В Лондоне мне больше всех помог Дж. Скуайр, в то время заметная фигура в литературном мире. Нас познакомил еще в Кембридже мой друг поэт Эдвард Дэвисон. Помню, что знакомство наше началось со спора — короткого, но ожесточенного. Может быть, этот спор произвел на него впечатление; впрочем, едва ли; может быть, Скуйар увидел во мне потенциального критика и эссеиста, сурового, как Сэмюэл Джонсон, но главной причиной, заставившей его предложить мне сотрудничество в своем «Лондон Меркьюри», упоминать обо мне в разговорах с литературными редакторами и издателями и ввести меня в свой дом, где я, наверное, выглядел очень растерянным, хотя особой растерянности не чувствовал, — было, скорее всего, желание помочь демобилизованному пехотинцу. <…>

Скуайр направил меня к Роберту Линду, литературному редактору газеты «Дейли ньюс», для которой я впоследствии написал множество рецензий. Линд, тонкий критик и эссеист, был совершенно лишен честолюбия; от случая к случаю он писал небольшие статьи и удовлетворялся этим, избегая тяжелого уединенного труда, которого требует любая книга.

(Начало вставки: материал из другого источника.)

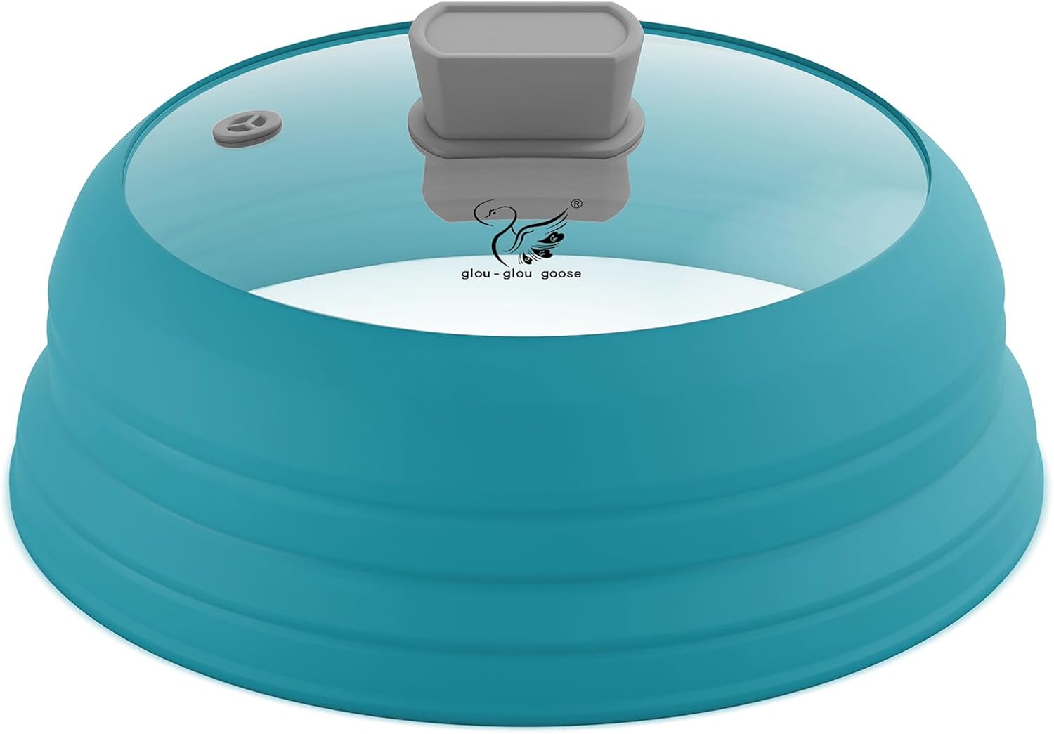 Microwave Splatter Cover Glass Cover Splatter Guard Lid with Collapsible Silicone for Food Cover Plate Cover 10.8 inch Blue
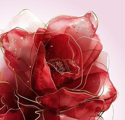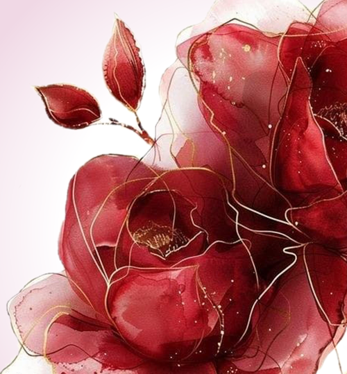 Sống Động & Thanh Lịch: Các sắc thái đỏ phong phú của hoa hồng kết hợp với các chi tiết vàng sang trọng tạo nên một tác phẩm trực quan ấn tượng và thanh lịch.

У Линда был чудесный характер, и в его обществе я более двадцати пяти лет «проводил время беззаботно, как, бывало, в золотом веке»;[1] в конце концов ухо привыкало к его ирландскому бормотанию, и приятная беседа, приправленная виски, длилась часами. Из множества писателей, которых я знал, самыми восхитительными людьми и собеседниками были Роберт Линд и Уолтер Деламар. (В те первые годы моей лондонской жизни я часто ходил в дом Деламара на Анерли играть в шарады. Наверное, я пошел бы играть в шарады даже теперь, если бы меня пригласили; но никто не приглашает — нам некогда, мы все очень заняты устройством своих дел.) И это вовсе не преувеличение, как может показаться; когда речь идет о Линде и Деламаре, никакая похвала не будет чрезмерной. Писатели редко бывают интересными собеседниками. Обычно они молчаливы и погружены в себя. Если они не преуспевают, они озлоблены и желчны. Если к ним относятся серьезно, они относятся к себе еще серьезнее и делаются самодовольными и напыщенными, как государственные мужи. Писательство, бесспорно, должно быть причислено к вредным профессиям; оно изматывает и поглощает тебя всего без остатка. Часами сидишь один, как паук, и ткешь свою паутину. Творческий процесс может идти прекрасно, но переносить его результаты на бумагу — тяжкий труд. Художники и скульпторы, использующие разнообразные материалы и приспособления, работают веселее и лучше умеют отдыхать. Актеры, способные на два-три часа забыть о театре, куда приятнее в обществе, чем большинство писателей. Это распространяется и на музыкантов — за исключением дирижеров, считающих, что в музыке им принадлежит главенствующая роль, а Бетховену второстепенная. Пусть это послужит предостережением для тех читателей — такие еще есть, — которые мечтают познакомиться со своими любимыми писателями: их ждет разочарование.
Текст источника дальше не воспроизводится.